** INFORMATION SUPPLIED **

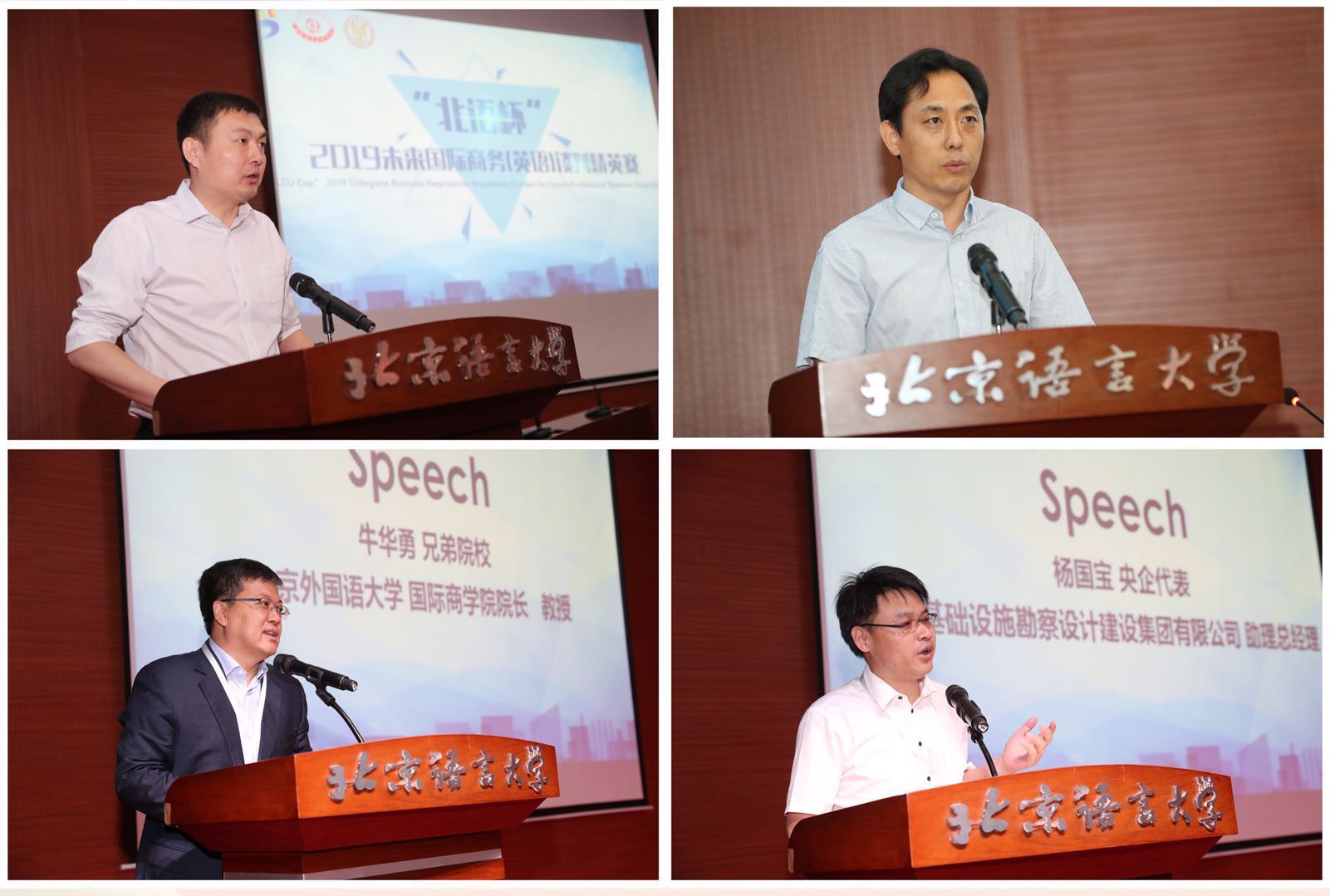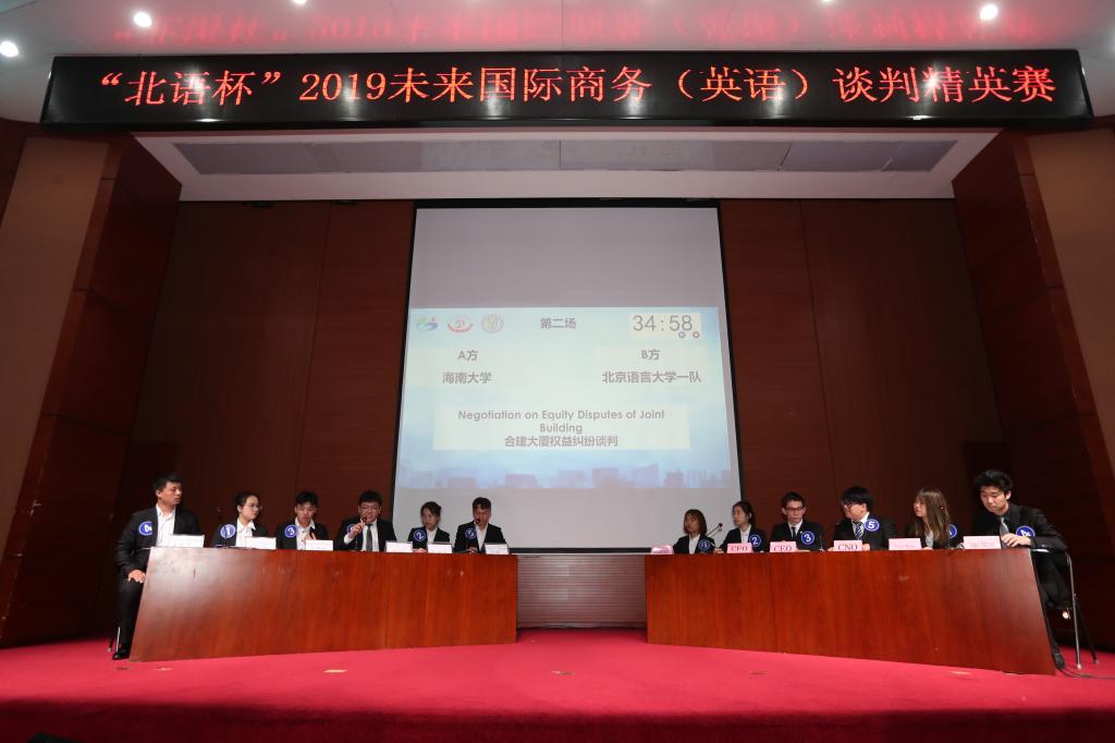 由中国管理现代化研究会国际商务谈判专业委员会主办、北京语言大学商学院承办的“北语杯”2019未来国际商务(英语)谈判精英赛于2019年5月25日上午在北京语言大学逸夫报告厅正式开幕。历经九场模拟谈判比赛、两场冠亚季军争夺战以及专家“头脑风暴”思辨后,于2019年5月26日上午圆满落下帷幕。来自国内外高校的队伍凭借专业的商务礼仪、灵活的谈判技巧和流利的英语表达给评委们留下了深刻印象,为学校赢得荣誉的同时也使自身能力得到了极大的锻炼和提升。
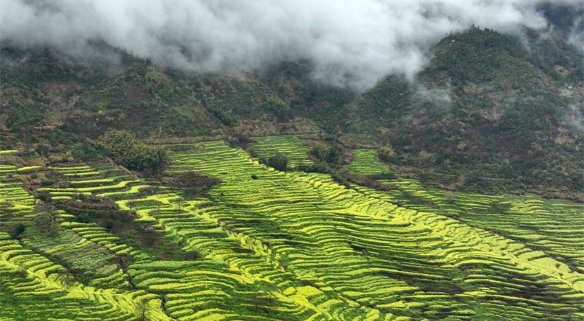 Paisaje de campos de colza en flor en la aldea de Xingfu, en Anhui, este de China
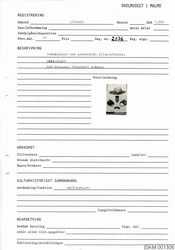 Plansch, snäcksnigel med anatomiska illustrationer. Med hängare, hörnskydd saknas.Mått: 60x85 cm.
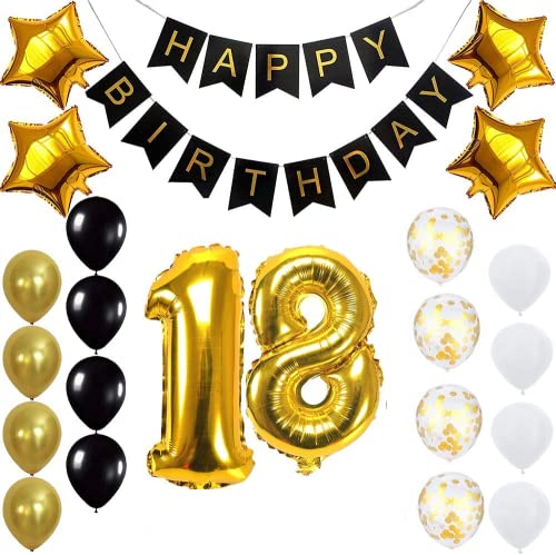 Pop The Party Gold 18th Birthday Decoration Kit With Banner ,Star Latex and confetti Balloon Set of 23
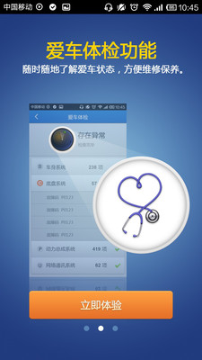 爱车体检:获取爱车实时的车身、底盘、动力总成、网络通讯系统等故障详情,车主随时知晓爱车状况。
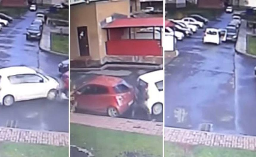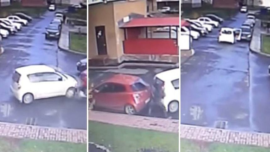 Sin embargo, la mitad de la pieza quedó fuera del vehículo y les impidió cerrar una de las puertas delanteras. El conductor arranca y con la puerta le pegó a otro automóvil color negro; todo en un minuto; el bochornoso percance fue grabado por las cámaras de seguridad del estacionamiento. La tragedia del conductor, en pocas horas, fue vista por 600 mil usuarios.
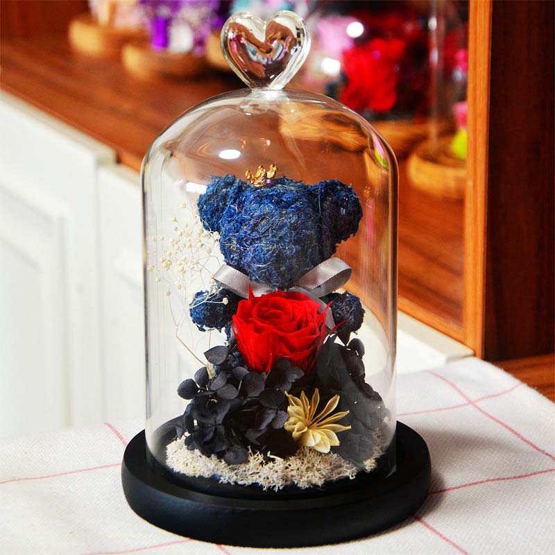 プリザーブドフラワー バラ 枯れない花 造花 薔薇 熊 ガラスドーム プレゼント
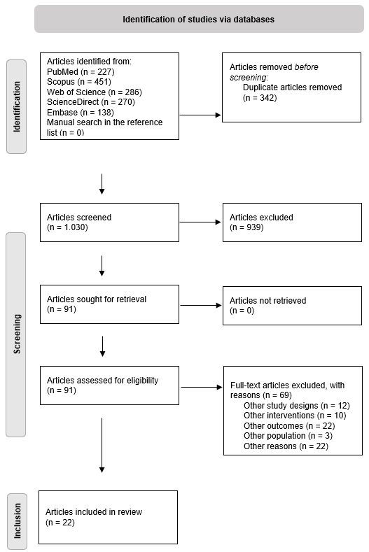 1,372 articles were found in the first database search, 138 in Embase (Elsevier), 286 in Web of Science – Core Collection, 451 in Scopus, 270 in ScienceDirect and 227 in PubMed. 342 articles were excluded because they were cross-references. After reading titles and abstracts, 939 articles were excluded for not meeting the inclusion criteria. Upon full reading, 22 articles were eligible for this review28-49 (Figure 1).
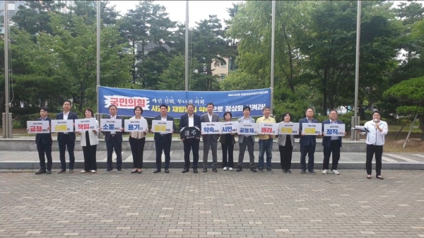 사회자인 윤혜선 의원은 “더불어민주당의 요구는 간단하다 깨진 신뢰, 무너진 의회를 회복하기 위해 지금까지의 오만한 행태에 대해 사과하고 재발방지 약속을 하면 되는 것이다 더불어민주당은 의회 정상화를 위해 최선을 다하겠다”고 강조했다
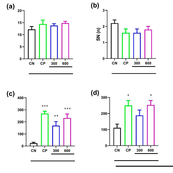As shown in Figures 1 (a,b) , and confirmed by analysis of variance, there were no significant variances between the experimental groups concerning the STLa indexes [F (3,20) = 0.99, P = 0.423, ηp2 = 0.16] and the SN in acquisition trail [F (3, 20) = 1.60, P = 0.229, ηp2 = 0.23]. As for the STLr [F (3,20) = 17.63, P <0.001, ηp2 = 0.77] and TLC [F (3,20) = 5.31, P = 0.009, ηp2 = 0.50] indices, the memory retrieval stage one-way ANOVA displayed a significant change between the experimental groups (Figure 1c,d) (). The Tukey post hoc test indicated that the cp group produced a significant rise in the mean of STLr (P <0.001) and TLC (P = 0.018) indices in comparison to the CN group (Figure 1 (c,d)) . There was also a significant rise in the group receiving BHE in doses of 300 and 600 compared to the CN group in STLr (P = 0.005, and P <0.001, respectively) parameter. As for TLC parameter only the dose of 600 of BHE has showed a significance increase in comparison with CN group (P = 0.015).
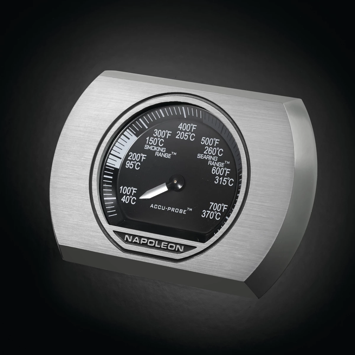 Das mehr als verlässliche ACCU PROBE Thermometer von Napoleon ist im Deckel eingelassen und zeigt die Innenraumtemperatur des Gasgrills an.
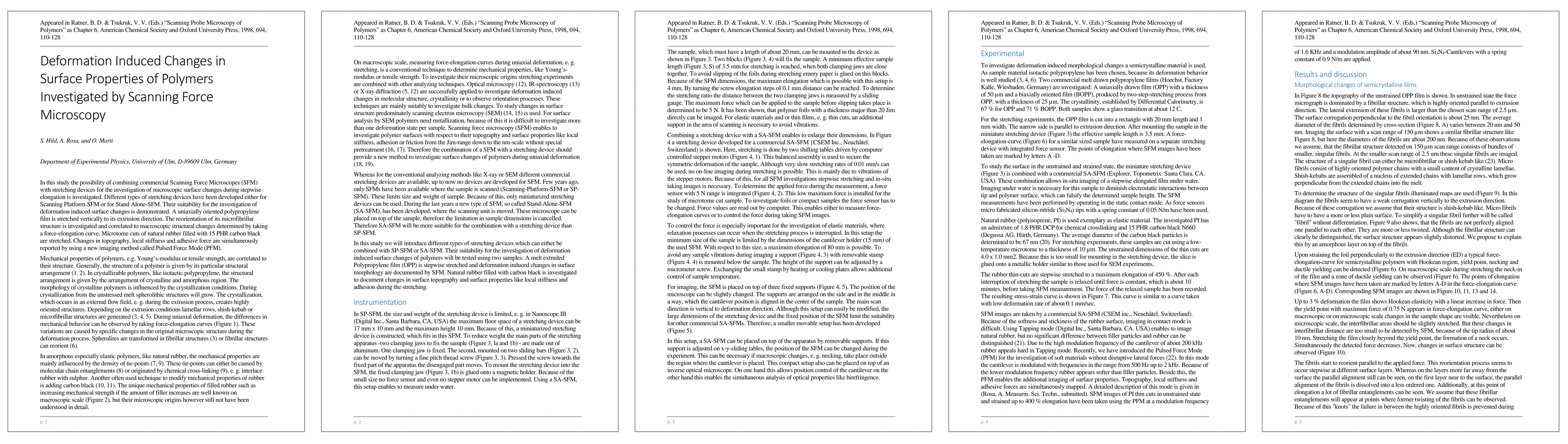 In this study the possibility of combining commercial Scanning Force Microscopes (SFM) with stretching devices for the investigation of microscopic surface changes during stepwise elongation is investigated. Different types of stretching devices have been developed either for Scanning Platform-SFM or for Stand Alone-SFM. Their suitability for the investigation of deformation induced surface changes is demonstrated. A uniaxially oriented polypropylene film is stretched vertically to its extrusion direction. The reorientation of its microfibrillar structure is investigated and correlated to macroscopic structural changes determined by taking a force-elongation curve. Microtome cuts of natural rubber filled with 15 PHR carbon black are stretched. Changes in topography, local stiffness and adhesive force are simultaneously reported by using a new imaging method called Pulsed Force Mode (PFM).

** WHAT TO WORK ON **
Print the records again exactly, without the pictures.

** EXERCISE OUTPUT **
 由中国管理现代化研究会国际商务谈判专业委员会主办、北京语言大学商学院承办的“北语杯”2019未来国际商务(英语)谈判精英赛于2019年5月25日上午在北京语言大学逸夫报告厅正式开幕。历经九场模拟谈判比赛、两场冠亚季军争夺战以及专家“头脑风暴”思辨后,于2019年5月26日上午圆满落下帷幕。来自国内外高校的队伍凭借专业的商务礼仪、灵活的谈判技巧和流利的英语表达给评委们留下了深刻印象,为学校赢得荣誉的同时也使自身能力得到了极大的锻炼和提升。
 Paisaje de campos de colza en flor en la aldea de Xingfu, en Anhui, este de China
 Plansch, snäcksnigel med anatomiska illustrationer. Med hängare, hörnskydd saknas.Mått: 60x85 cm.
 Pop The Party Gold 18th Birthday Decoration Kit With Banner ,Star Latex and confetti Balloon Set of 23
 爱车体检:获取爱车实时的车身、底盘、动力总成、网络通讯系统等故障详情,车主随时知晓爱车状况。
 Sin embargo, la mitad de la pieza quedó fuera del vehículo y les impidió cerrar una de las puertas delanteras. El conductor arranca y con la puerta le pegó a otro automóvil color negro; todo en un minuto; el bochornoso percance fue grabado por las cámaras de seguridad del estacionamiento. La tragedia del conductor, en pocas horas, fue vista por 600 mil usuarios.
 プリザーブドフラワー バラ 枯れない花 造花 薔薇 熊 ガラスドーム プレゼント
 1,372 articles were found in the first database search, 138 in Embase (Elsevier), 286 in Web of Science – Core Collection, 451 in Scopus, 270 in ScienceDirect and 227 in PubMed. 342 articles were excluded because they were cross-references. After reading titles and abstracts, 939 articles were excluded for not meeting the inclusion criteria. Upon full reading, 22 articles were eligible for this review28-49 (Figure 1).
 사회자인 윤혜선 의원은 “더불어민주당의 요구는 간단하다 깨진 신뢰, 무너진 의회를 회복하기 위해 지금까지의 오만한 행태에 대해 사과하고 재발방지 약속을 하면 되는 것이다 더불어민주당은 의회 정상화를 위해 최선을 다하겠다”고 강조했다
As shown in Figures 1 (a,b) , and confirmed by analysis of variance, there were no significant variances between the experimental groups concerning the STLa indexes [F (3,20) = 0.99, P = 0.423, ηp2 = 0.16] and the SN in acquisition trail [F (3, 20) = 1.60, P = 0.229, ηp2 = 0.23]. As for the STLr [F (3,20) = 17.63, P <0.001, ηp2 = 0.77] and TLC [F (3,20) = 5.31, P = 0.009, ηp2 = 0.50] indices, the memory retrieval stage one-way ANOVA displayed a significant change between the experimental groups (Figure 1c,d) (). The Tukey post hoc test indicated that the cp group produced a significant rise in the mean of STLr (P <0.001) and TLC (P = 0.018) indices in comparison to the CN group (Figure 1 (c,d)) . There was also a significant rise in the group receiving BHE in doses of 300 and 600 compared to the CN group in STLr (P = 0.005, and P <0.001, respectively) parameter. As for TLC parameter only the dose of 600 of BHE has showed a significance increase in comparison with CN group (P = 0.015).
 Das mehr als verlässliche ACCU PROBE Thermometer von Napoleon ist im Deckel eingelassen und zeigt die Innenraumtemperatur des Gasgrills an.
 In this study the possibility of combining commercial Scanning Force Microscopes (SFM) with stretching devices for the investigation of microscopic surface changes during stepwise elongation is investigated. Different types of stretching devices have been developed either for Scanning Platform-SFM or for Stand Alone-SFM. Their suitability for the investigation of deformation induced surface changes is demonstrated. A uniaxially oriented polypropylene film is stretched vertically to its extrusion direction. The reorientation of its microfibrillar structure is investigated and correlated to macroscopic structural changes determined by taking a force-elongation curve. Microtome cuts of natural rubber filled with 15 PHR carbon black are stretched. Changes in topography, local stiffness and adhesive force are simultaneously reported by using a new imaging method called Pulsed Force Mode (PFM).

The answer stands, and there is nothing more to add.